* **Data in this exercise**:
==================================================
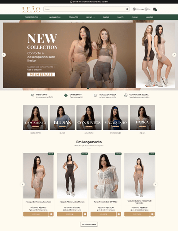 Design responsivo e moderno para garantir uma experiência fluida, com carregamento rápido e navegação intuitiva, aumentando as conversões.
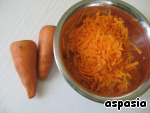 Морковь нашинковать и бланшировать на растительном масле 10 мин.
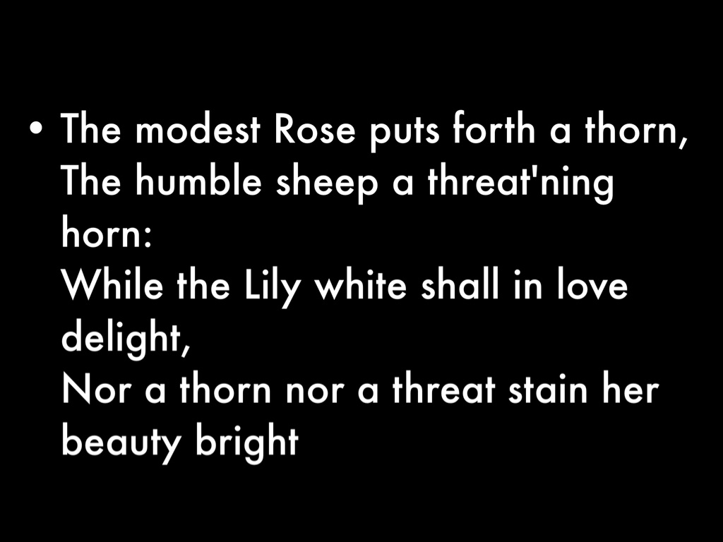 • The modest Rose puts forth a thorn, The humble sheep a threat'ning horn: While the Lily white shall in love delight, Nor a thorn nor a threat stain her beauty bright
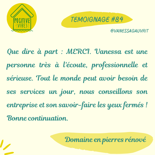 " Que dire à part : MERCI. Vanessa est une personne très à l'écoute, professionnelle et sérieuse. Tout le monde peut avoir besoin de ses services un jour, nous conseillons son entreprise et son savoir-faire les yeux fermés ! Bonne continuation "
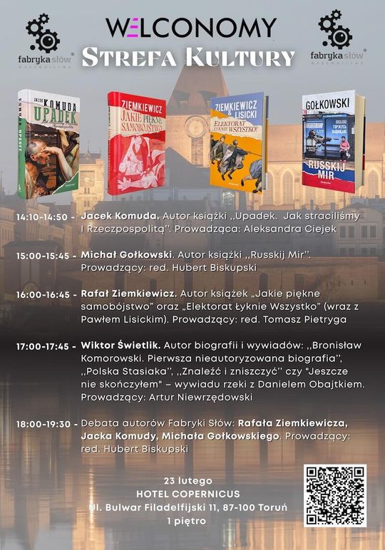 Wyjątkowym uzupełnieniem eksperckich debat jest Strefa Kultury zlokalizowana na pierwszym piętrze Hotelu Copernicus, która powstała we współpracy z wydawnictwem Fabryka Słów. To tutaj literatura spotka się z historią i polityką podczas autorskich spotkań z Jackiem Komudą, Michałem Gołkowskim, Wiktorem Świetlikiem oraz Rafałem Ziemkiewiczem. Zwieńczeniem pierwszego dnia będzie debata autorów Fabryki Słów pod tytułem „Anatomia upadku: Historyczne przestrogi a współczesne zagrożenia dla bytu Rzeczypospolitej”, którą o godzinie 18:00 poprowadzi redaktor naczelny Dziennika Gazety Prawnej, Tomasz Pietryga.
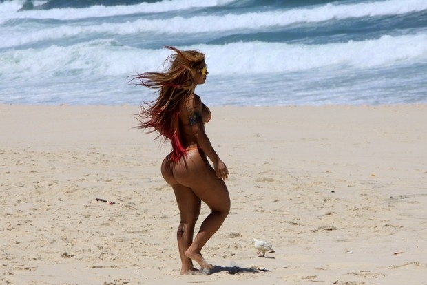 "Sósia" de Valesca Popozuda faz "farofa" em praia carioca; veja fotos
==================================================
* **Work to complete**: Print, word for word, the lines above that run from the line containing "dire à part" to the line containing "Wyjątkowym uzupełnieniem eksperckich", both included. Keep the pictures out.

* **Solution**:
 " Que dire à part : MERCI. Vanessa est une personne très à l'écoute, professionnelle et sérieuse. Tout le monde peut avoir besoin de ses services un jour, nous conseillons son entreprise et son savoir-faire les yeux fermés ! Bonne continuation "
 Wyjątkowym uzupełnieniem eksperckich debat jest Strefa Kultury zlokalizowana na pierwszym piętrze Hotelu Copernicus, która powstała we współpracy z wydawnictwem Fabryka Słów. To tutaj literatura spotka się z historią i polityką podczas autorskich spotkań z Jackiem Komudą, Michałem Gołkowskim, Wiktorem Świetlikiem oraz Rafałem Ziemkiewiczem. Zwieńczeniem pierwszego dnia będzie debata autorów Fabryki Słów pod tytułem „Anatomia upadku: Historyczne przestrogi a współczesne zagrożenia dla bytu Rzeczypospolitej”, którą o godzinie 18:00 poprowadzi redaktor naczelny Dziennika Gazety Prawnej, Tomasz Pietryga.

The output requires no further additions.